African Leaders Tell Putin: ‘We Have a Right to Call for Peace’
African leaders pressed Russian President Vladimir Putin on Friday to move ahead with their plan to end the Ukraine conflict and to renew a deal crucial to Africa on the safe wartime export of Ukrainian grain, which Moscow tore up last week.
While not directly critical of Russia, their interventions on the second day of a summit were more concerted and forceful than those that African countries have voiced previously.
They served as reminders of the depth of African concern at the consequences of the war, especially rising food prices.
“This war must end. And it can only end on the basis of justice and reason,” African Union (AU) Commission Chairman Moussa Faki Mahamat told Putin and African leaders in St. Petersburg.
“The disruptions of energy and grain supplies must end immediately. The grain deal must be extended for the benefit of all the peoples of the world, Africans in particular.”

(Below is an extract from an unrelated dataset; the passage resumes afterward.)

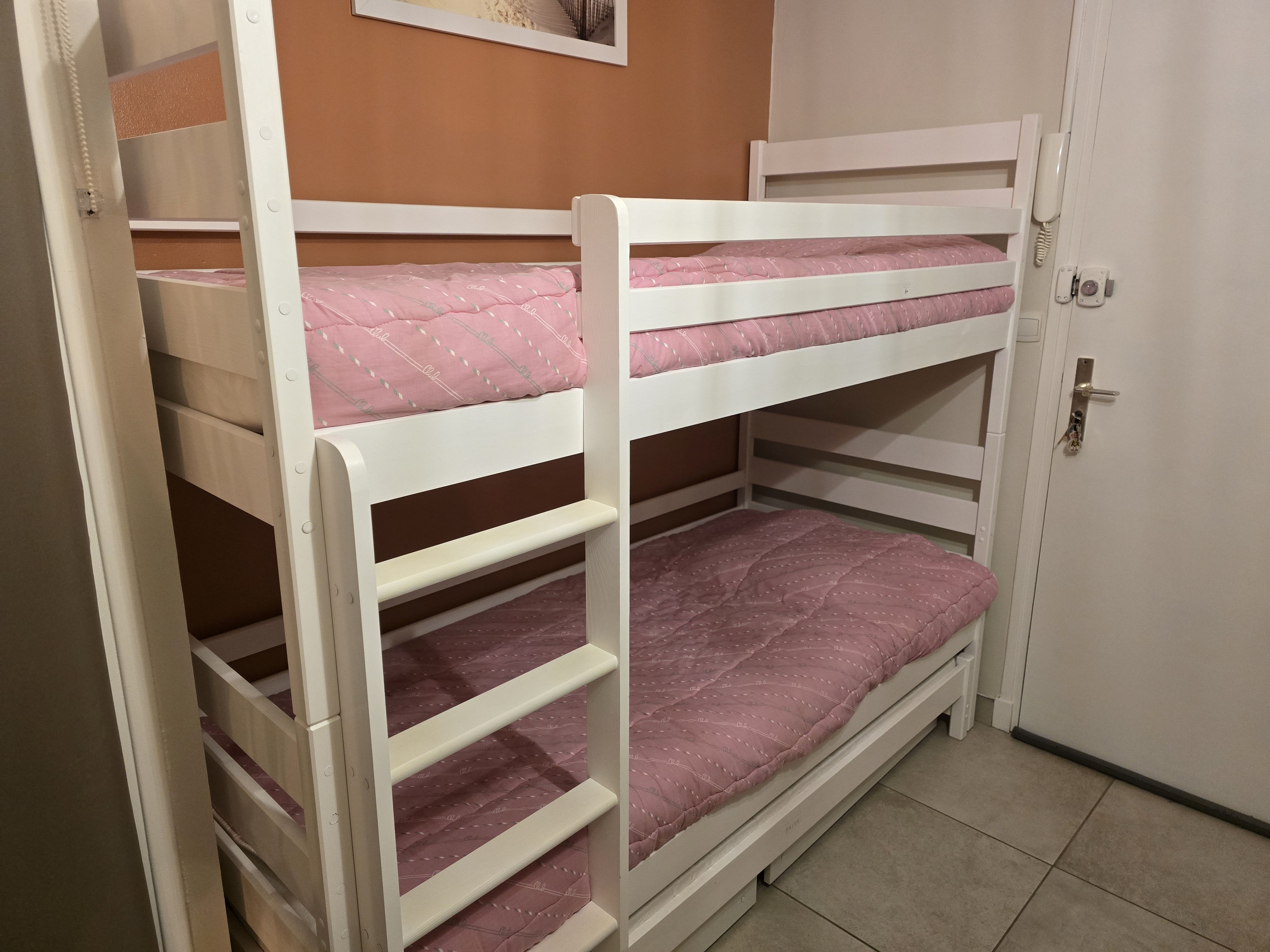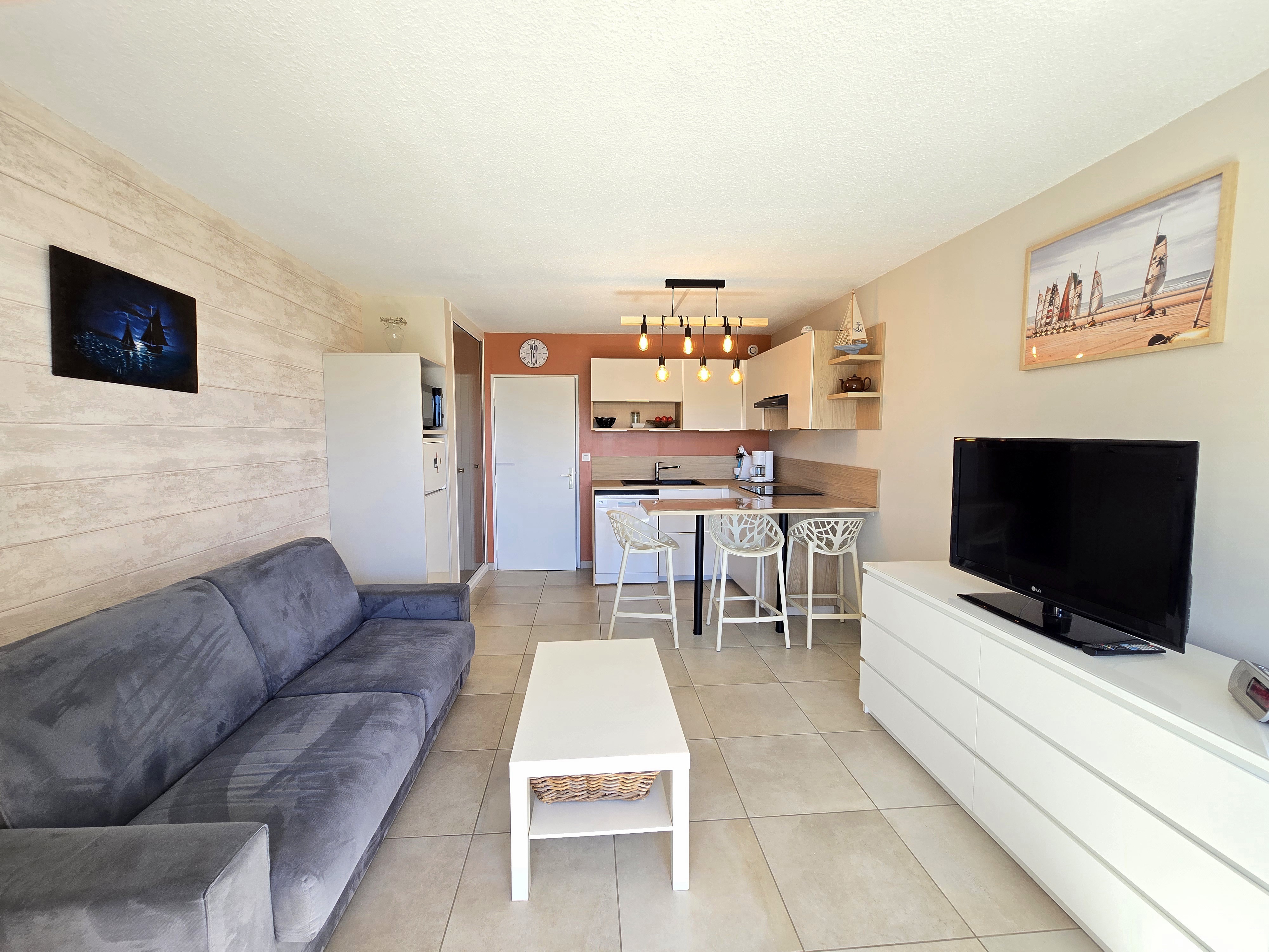 Couchages Neufs 1 Canapé Rapido avec literie de qualité dans le séjour + Lits superposés (lits et matelas neufs) dans le coin cabine.
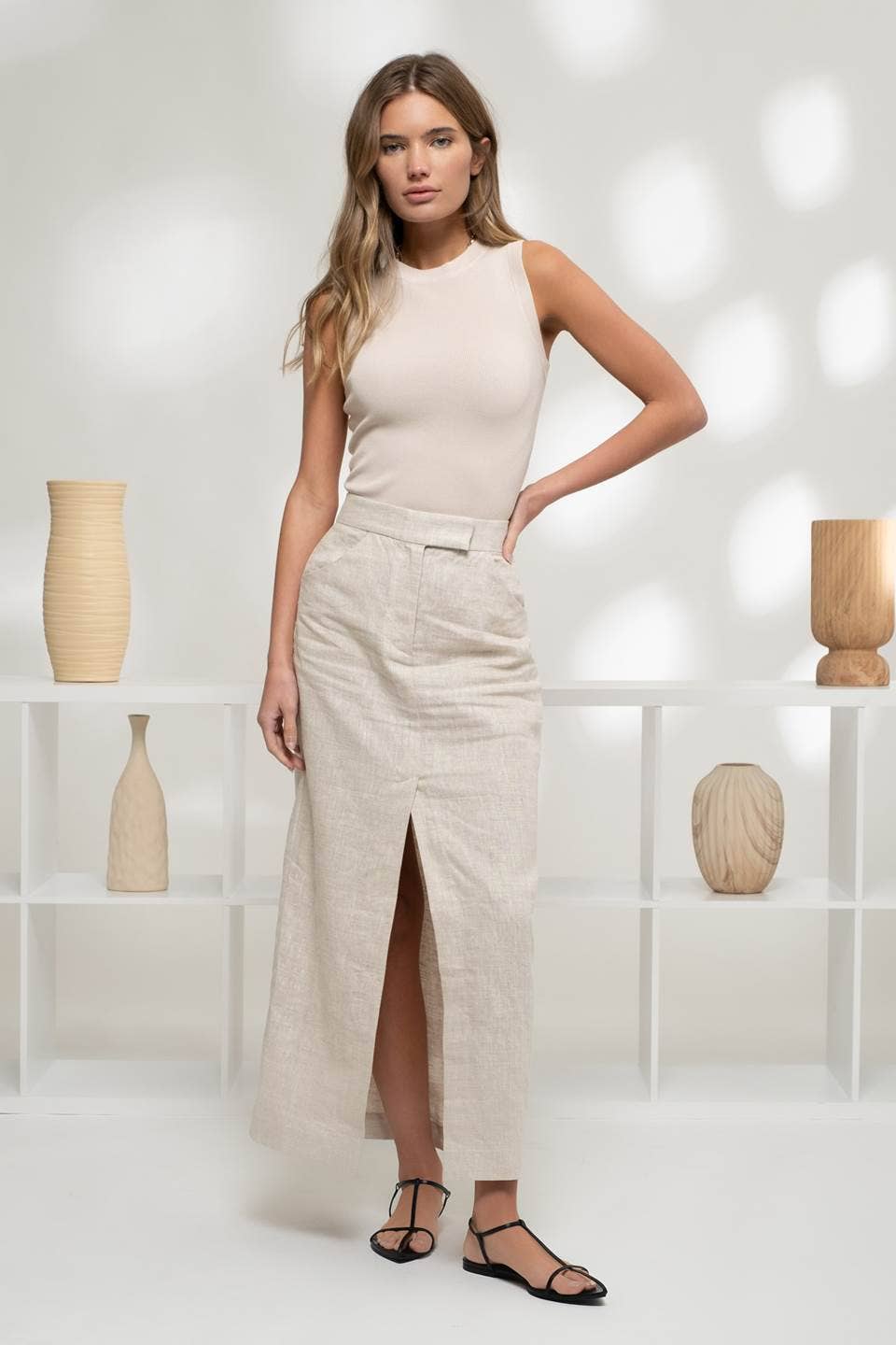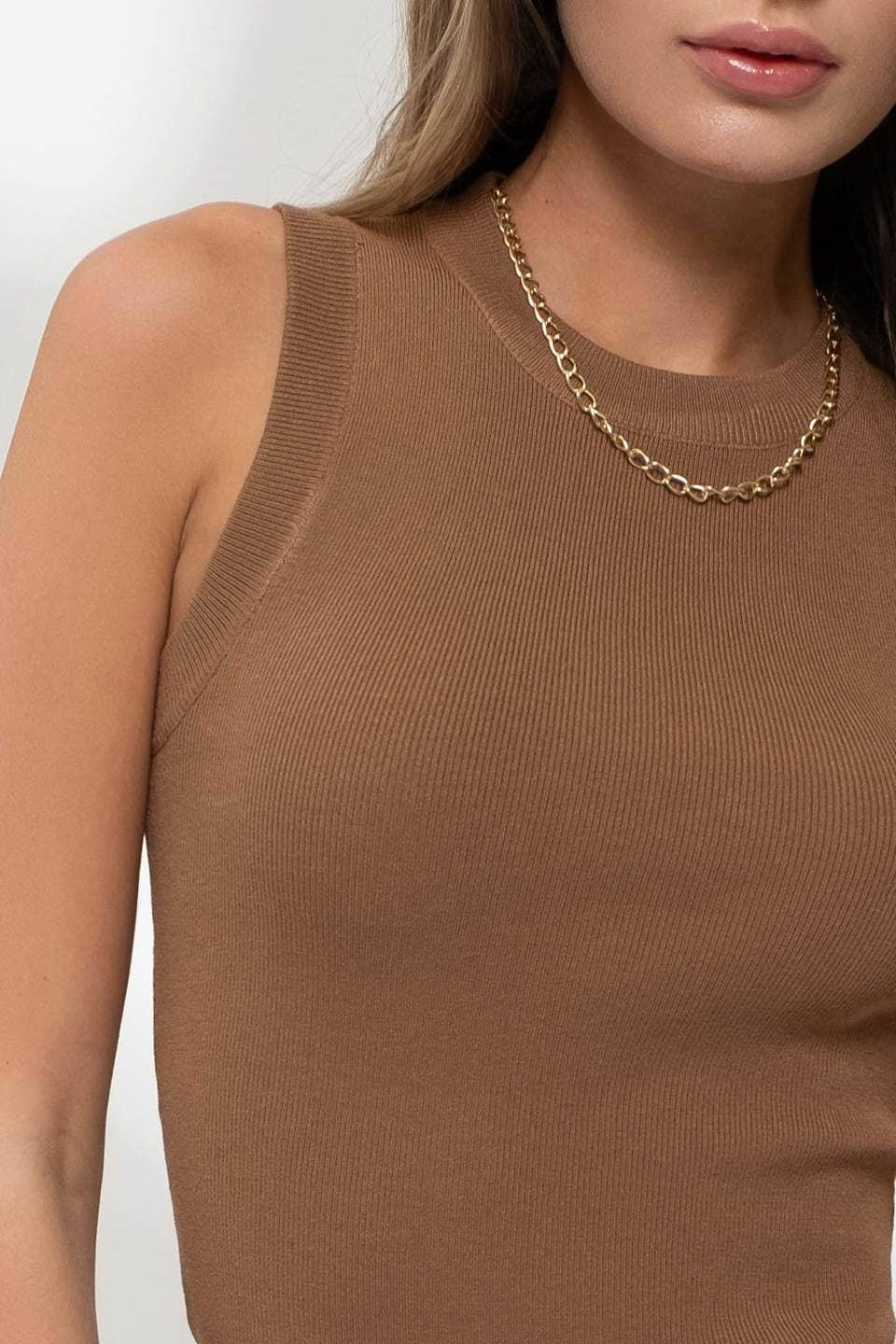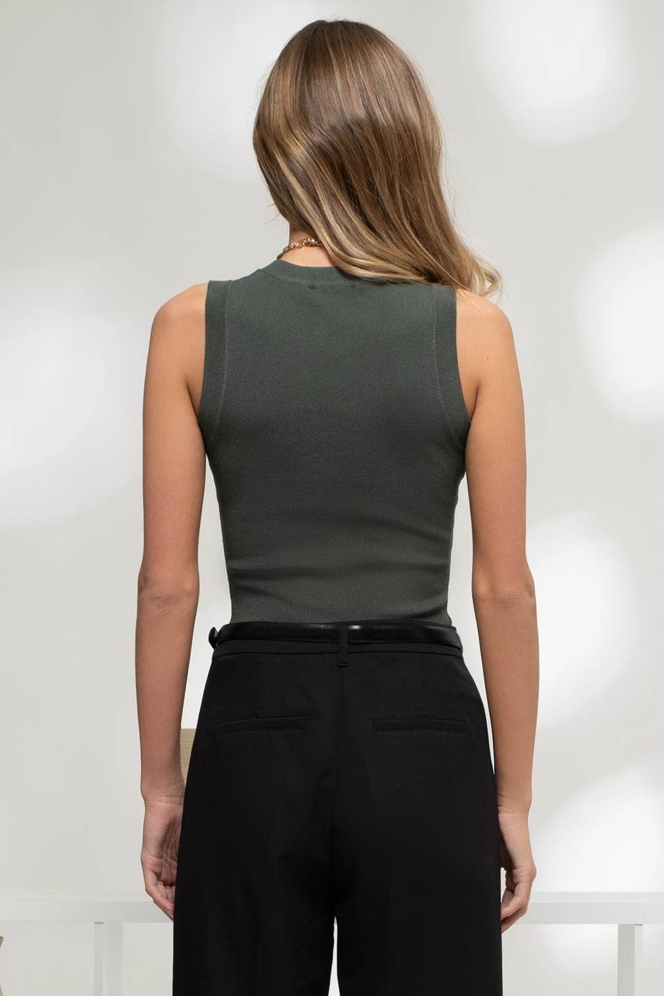 Crafted with a sleeveless fitted design, this sweater knit tank top features a round neckline and a contrasting border texture. It also boasts a solid, not lined construction.

Reuters reported in June that the African plan floats a series of possible steps to defuse the conflict, including a Russian troop pullback, removal of Russian tactical nuclear weapons from Belarus, suspension of an International Criminal Court arrest warrant against Putin and sanctions relief.
Putin gave it a cool reception when African leaders presented it to him last month. In public remarks on Friday, he restated in similar terms his argument that Ukraine and the West, not Russia, were responsible for the conflict.
Republic of Congo President Denis Sassou Nguesso said the initiative “deserves the closest attention,” calling “urgently” for peace.
South African President Cyril Ramaphosa told Putin: “We feel that we have a right to call for peace — the ongoing conflict also negatively affects us.”
The stream of calls prompted Putin repeatedly to defend Russia’s position and finally to make an eight-minute statement, later issued by the Kremlin in a video, at the start of evening talks with the African leaders behind the peace plan.
He again accused the West of backing a “coup” in Kyiv in 2014 — when a wave of street protests forced Ukraine’s pro-Russian president to flee — and of trying to draw Ukraine into the U.S.-led NATO military alliance and undermine Russian statehood.
He said it was Kyiv that was refusing to negotiate under a decree passed shortly after he claimed last September to have annexed four Ukrainian regions that Russia partly controls, adding: “The ball is entirely in their court.”
‘New realities’
Russia has long said it is open to talks but that these must take account of the “new realities” on the ground.
AU chair Azali Assoumani said Putin had shown his readiness to talk, and “now we have to convince the other side.”
But Ukrainian President Volodymyr Zelenskyy has rejected the idea of a ceasefire now that would leave Russia in control of nearly a fifth of his country and give its forces time to regroup after 17 grinding months of war.
At the summit, Egyptian President Abdel Fattah el-Sissi urged Russia to revive the Black Sea grain deal which, until Moscow refused to renew it last week, had granted Ukraine a “safe corridor” to export grain from its seaports despite the conflict.
Egypt is a big buyer of grain via the Black Sea route, and Sissi told the summit it was “essential to reach agreement” on reviving the deal.
Putin responded by arguing, as he has in the past, that rising world food prices were a consequence of Western policy mistakes long predating the Ukraine war.
He has repeatedly said Russia quit the agreement because the deal was not getting grain to the poorest countries and the West was not keeping its side of the bargain.
Russia’s withdrawal and its bombardment of Ukrainian ports and grain depots have prompted accusations from Ukraine and the West that Russia is using food as a weapon of war and driving the global wheat price up by some 9%.
On Thursday, Putin promised to deliver up to 300,000 tons of free Russian grain — which U.N. Secretary-General Antonio Guterres called a “handful of donations” — among six of the countries attending the summit.
Assoumani said this might not be enough, and what was needed was a cease-fire.
Putin wanted the summit to energize Russia’s ties with Africa and enlist its support in countering what he describes as U.S. hegemony and Western neo-colonialism.
Many of the leaders praised Moscow’s support for their countries in their 20th-century liberation struggles, and the final declaration promised Russia would help them seek compensation for the damage done by colonial rule.
The leaders of Mali and Central African Republic, whose governments have relied heavily on the services of Russia’s Wagner mercenary group, both expressed gratitude to Putin.